Extracted data entries:
*** Block opens ***

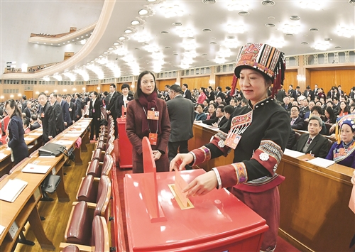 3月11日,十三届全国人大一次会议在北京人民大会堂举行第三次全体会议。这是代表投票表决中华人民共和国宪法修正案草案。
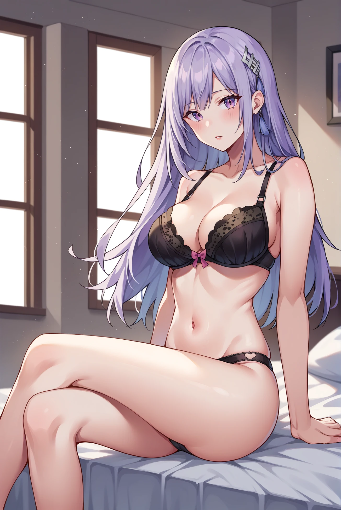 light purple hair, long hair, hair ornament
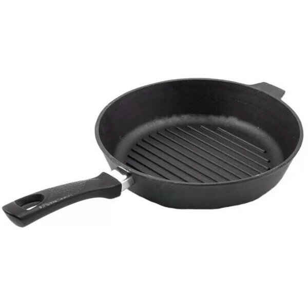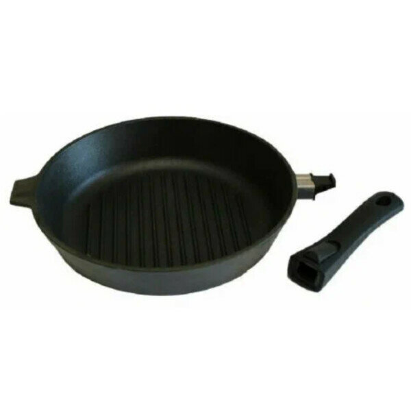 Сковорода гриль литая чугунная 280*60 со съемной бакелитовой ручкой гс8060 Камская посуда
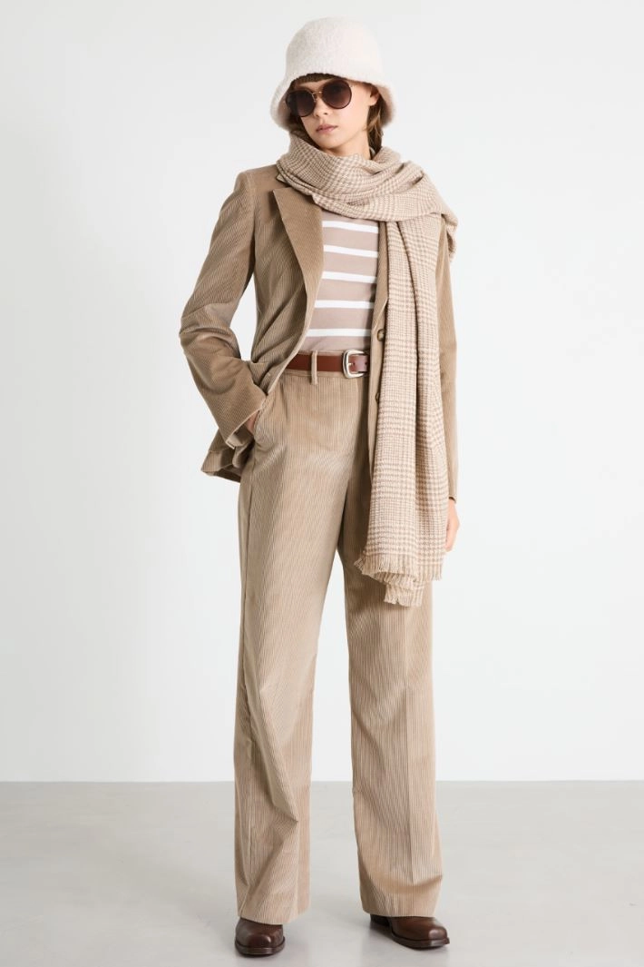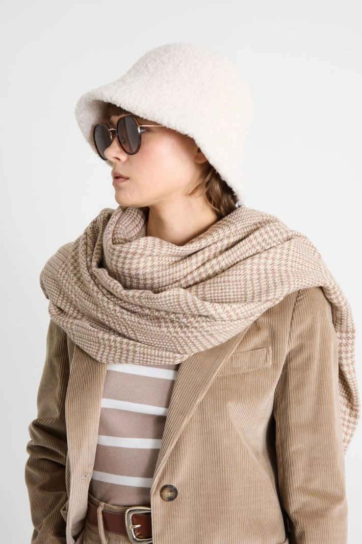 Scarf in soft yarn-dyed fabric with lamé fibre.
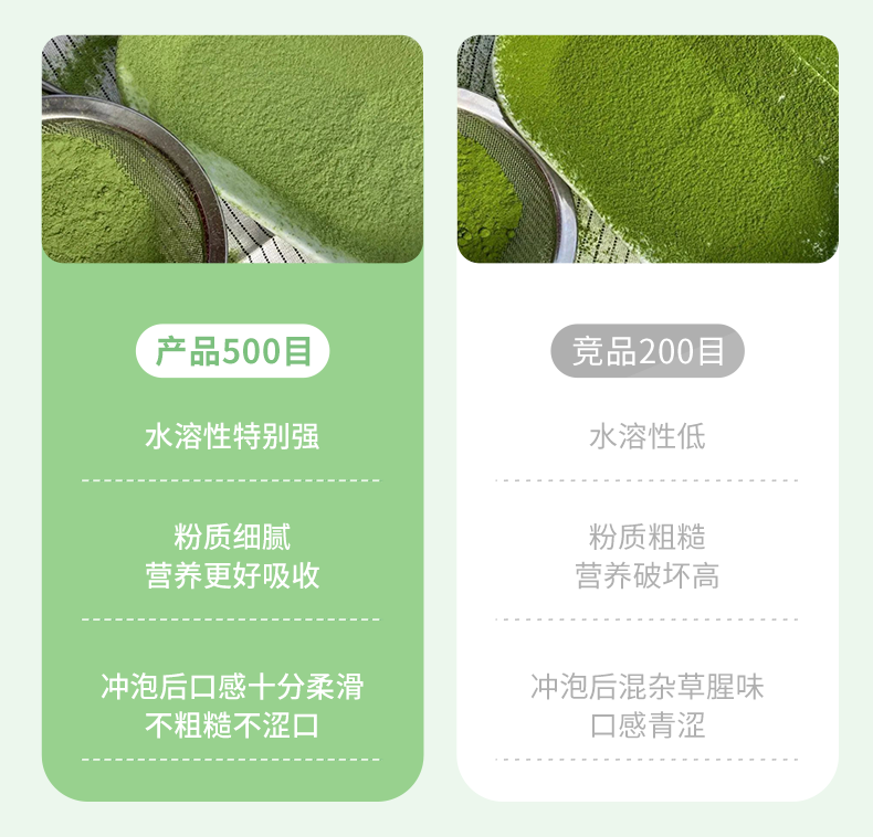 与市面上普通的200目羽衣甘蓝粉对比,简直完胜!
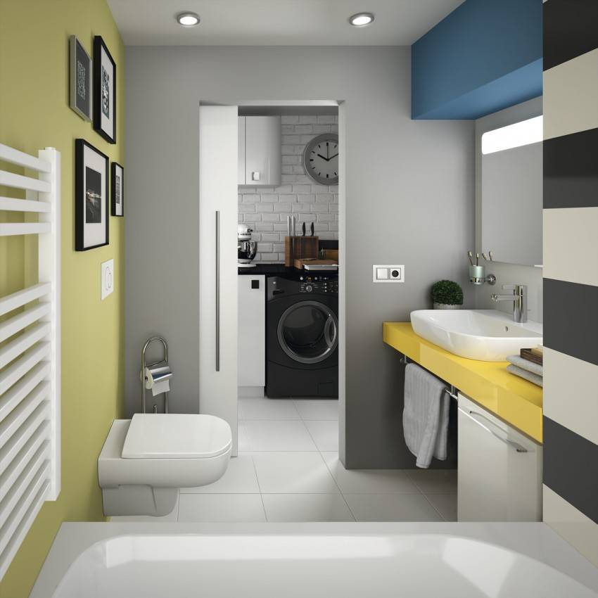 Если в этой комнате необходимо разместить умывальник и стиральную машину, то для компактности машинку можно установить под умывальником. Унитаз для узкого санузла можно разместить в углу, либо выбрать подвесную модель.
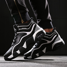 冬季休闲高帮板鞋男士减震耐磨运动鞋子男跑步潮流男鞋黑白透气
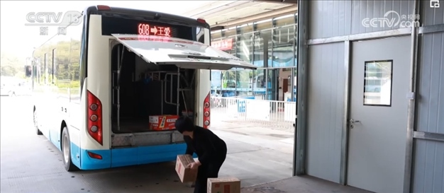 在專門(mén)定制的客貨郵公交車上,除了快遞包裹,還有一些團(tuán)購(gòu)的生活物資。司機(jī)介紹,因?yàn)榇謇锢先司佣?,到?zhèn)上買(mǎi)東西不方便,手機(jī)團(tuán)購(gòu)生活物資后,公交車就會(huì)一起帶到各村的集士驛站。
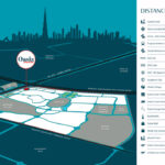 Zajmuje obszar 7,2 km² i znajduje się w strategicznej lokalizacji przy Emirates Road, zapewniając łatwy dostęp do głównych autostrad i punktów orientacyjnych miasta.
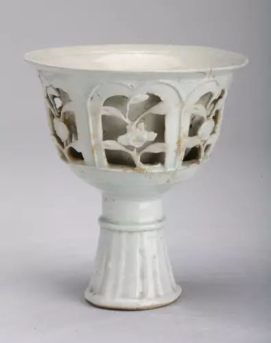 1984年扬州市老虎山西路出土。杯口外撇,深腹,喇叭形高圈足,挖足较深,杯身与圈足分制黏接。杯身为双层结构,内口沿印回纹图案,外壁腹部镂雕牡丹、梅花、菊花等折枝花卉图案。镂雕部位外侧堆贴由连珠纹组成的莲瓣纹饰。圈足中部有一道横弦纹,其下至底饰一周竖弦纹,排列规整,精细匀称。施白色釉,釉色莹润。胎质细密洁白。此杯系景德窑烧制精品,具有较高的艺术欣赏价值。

*** Block closes ***

▶ _Assignment_
Reproduce the data above exactly, but only the lines from the one showing "冬季休闲高帮板鞋男士减震耐磨运动鞋子男跑步潮流男鞋黑白透气" through the one showing "在專門(mén)定制的客貨郵", with both ends kept and the pictures left out.

▶ _Solution for this problem_
 冬季休闲高帮板鞋男士减震耐磨运动鞋子男跑步潮流男鞋黑白透气
 在專門(mén)定制的客貨郵公交車上,除了快遞包裹,還有一些團(tuán)購(gòu)的生活物資。司機(jī)介紹,因?yàn)榇謇锢先司佣?,到?zhèn)上買(mǎi)東西不方便,手機(jī)團(tuán)購(gòu)生活物資后,公交車就會(huì)一起帶到各村的集士驛站。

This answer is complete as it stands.